We keep working hard. We don't get generally lay people off, we move them to the next job. 





> BTW,
> People with better skills produce more. That's why a union contractor can make money on a tight job like that.


Again we have all the skills, I know you like to think otherwise but you have no clue what the guys in the company I work for are capable of.

Just because down your way non-union workers may be uneducated has nothing to do with what happens here. Maybe FL should actually start requiring more than a pulse to be an electrical worker?

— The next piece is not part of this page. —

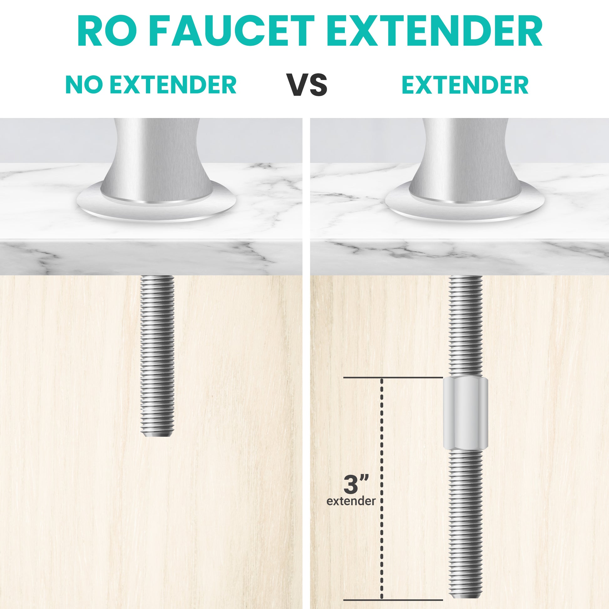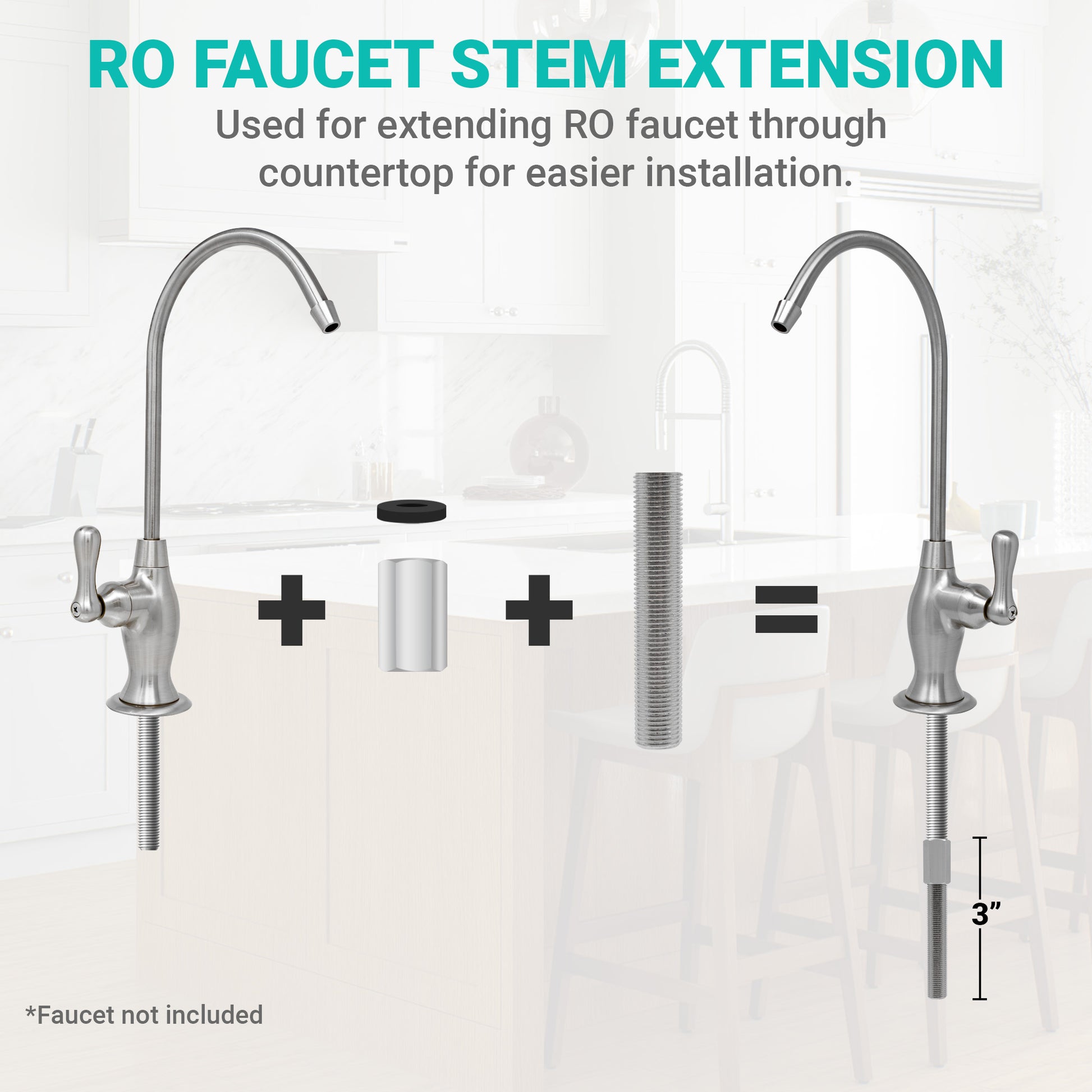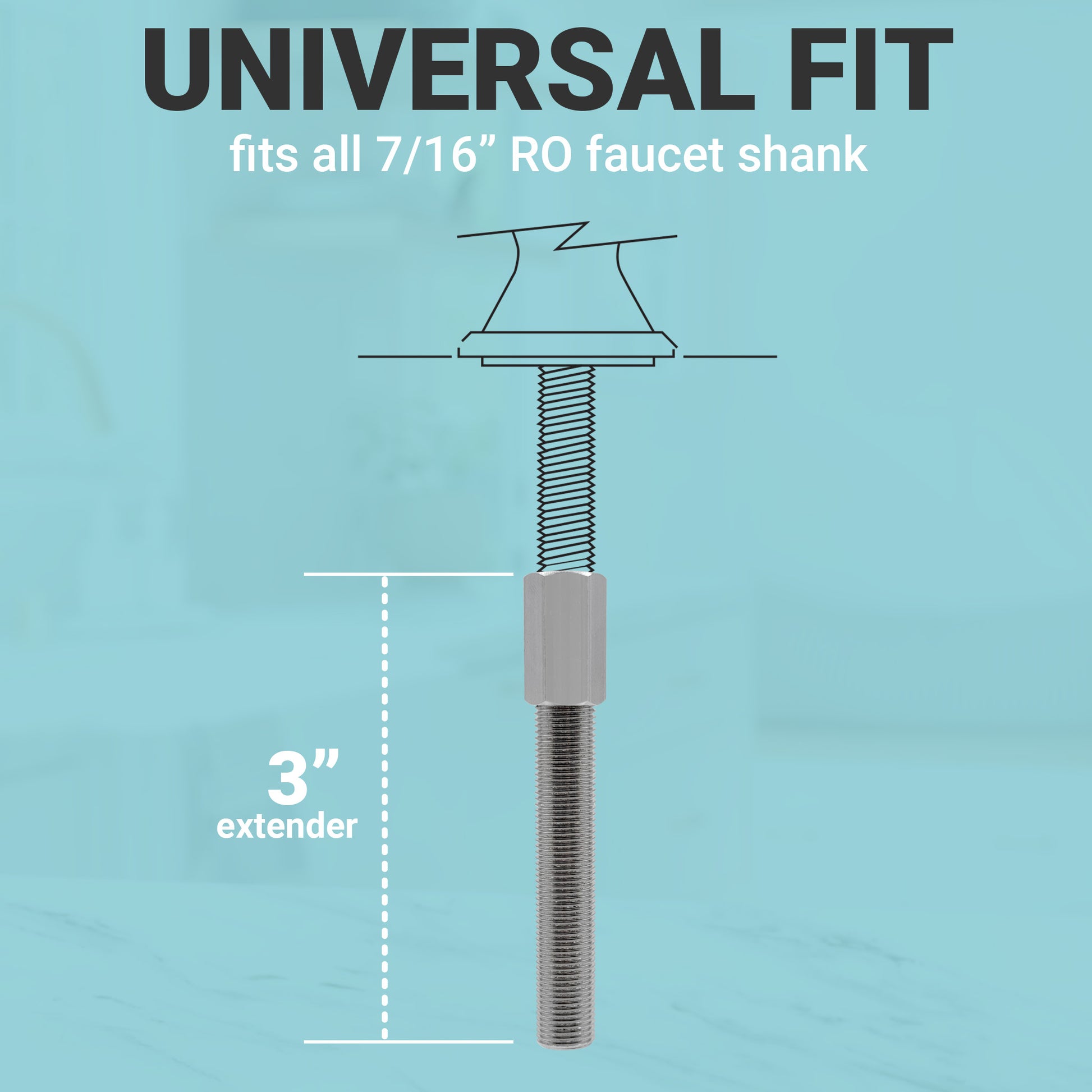 Lead free chrome plated RO faucet extender. Used for extending RO faucet through countertop for easier installation.

Here all electrical workers must have the same amount of training and licensing union or merit. 




Stub said:


> My experience has always been that in a slow economy the men work much harder trying to "make shop". Every job is an audition, and there are always open positions for the contractor to take you to the next job with them. Making shop is the difference between sitting on the bench and making $100K per year.
> 
> In a good economy the men don't hustle very much because they know that if they get laid off they are going to go right back out to work. In a bad economy I see even the worst slugs breaking a sweat.
> 
> Maybe it truly is different in your area, or maybe your "all seeing eye" doesn't display the facts as clear and unbiased as you think.

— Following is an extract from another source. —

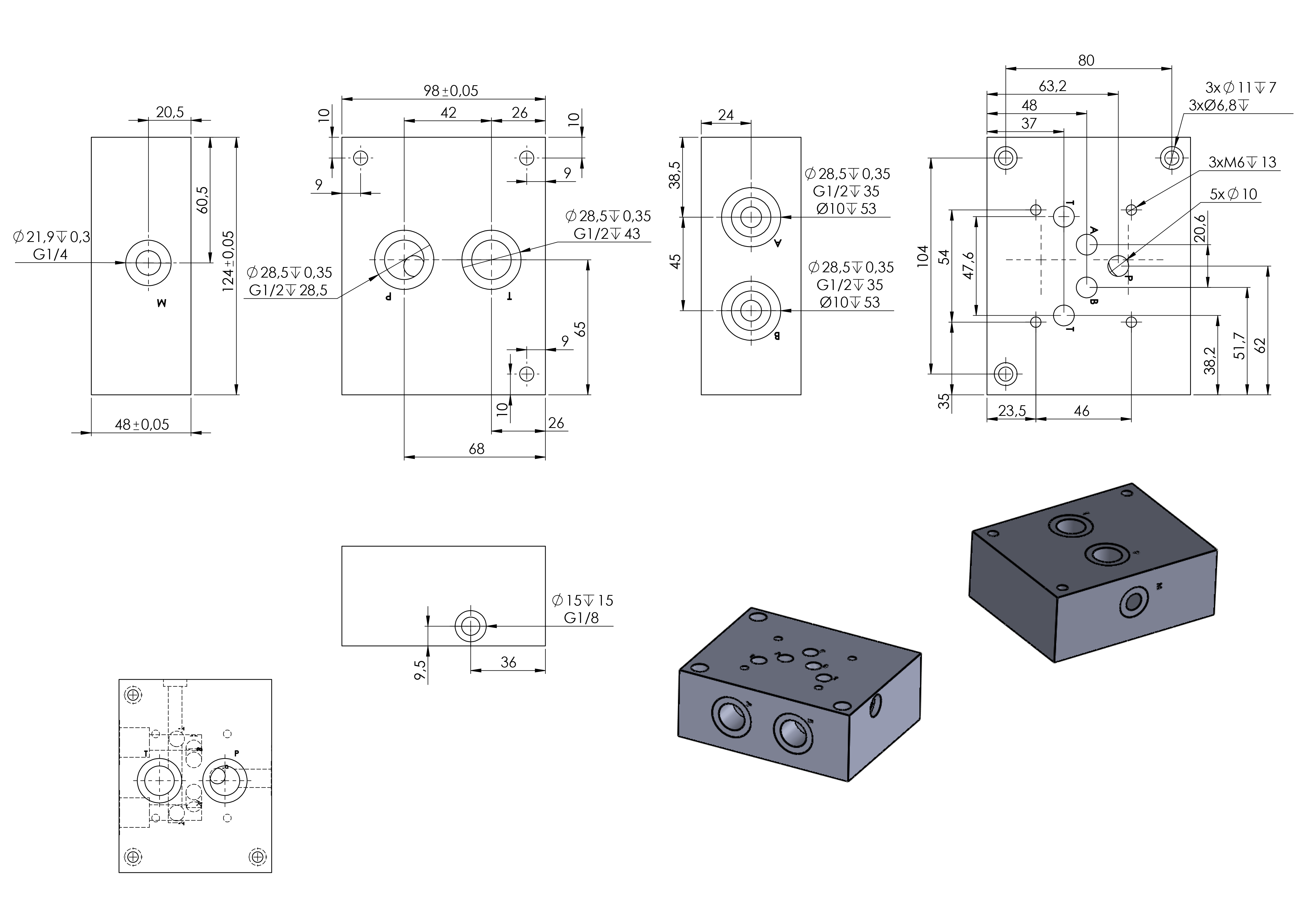 A subplaca CETOP NG10-1 é uma placa de montagem padronizada projetada para a instalação de válvulas hidráulicas tamanho NG10 (CETOP 5) conforme a norma ISO 4401-05. Ela possibilita uma conexão simples, rápida e confiável da válvula ao sistema hidráulico.

I have been working on 'mixed jobs' in MA and RI for enough time to see how it works here. I have seen countless examples time and again. 

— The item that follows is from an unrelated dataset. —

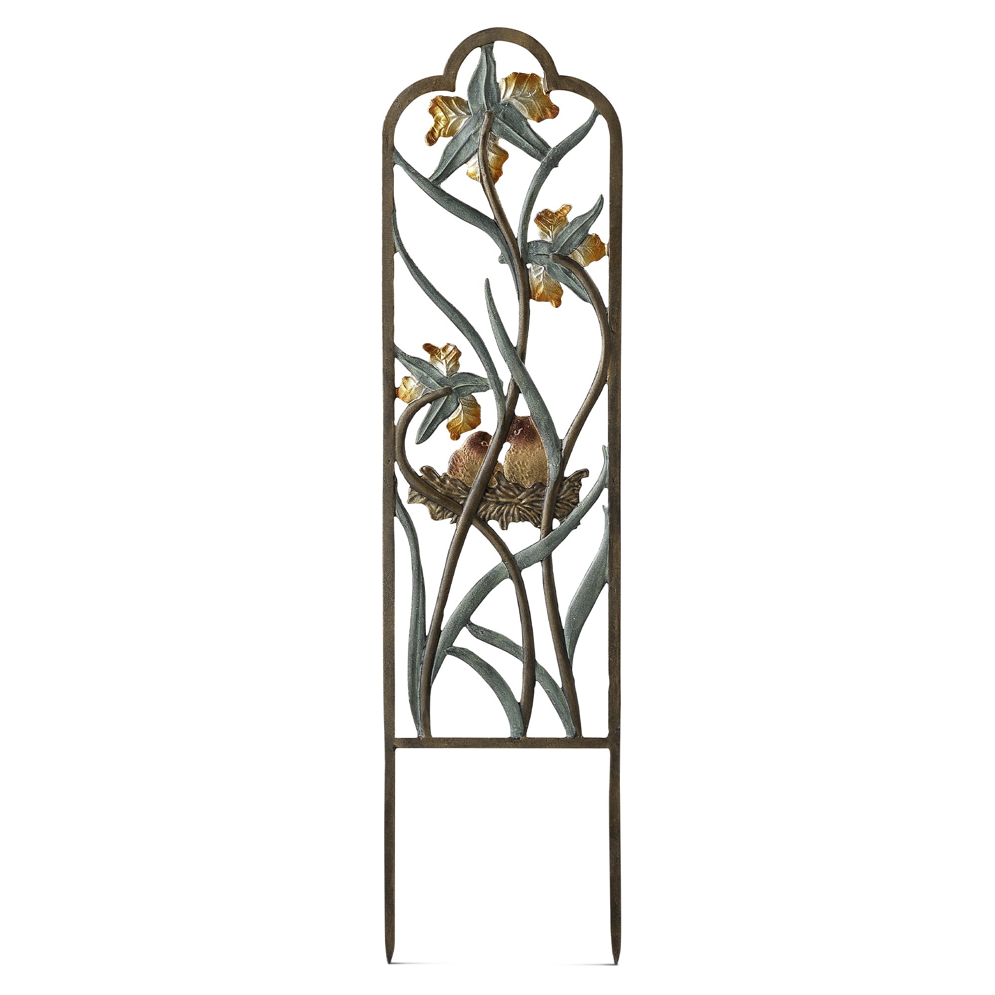 SPI Home Narrow Lovebirds in Nest Trellis – 33" Tall Cast Aluminum Outdoor Decor with 7.75" Spikes and Romantic Garden Detail

That is one reason the company I work for gets hired, we make the deadlines and many times the union contractors do not. Again dispute this as much as you want but it is a fact in the areas I work.


----------



## Stub (Apr 19, 2010)

Bob Badger said:


> I have seen countless examples time and again.


 I find that to be along the same line of thinking as the people who say "All rats suck, they just kiss the bosses ass for their little bit of cheese, blah blah". 
You've generalized all union workers by the very limit experience that you had with them. The same way as many union workers generalize non-union workers by the limited experiences they have had.

So what does that teach us?


> Again dispute this as much as you want but it is a fact in the areas I work.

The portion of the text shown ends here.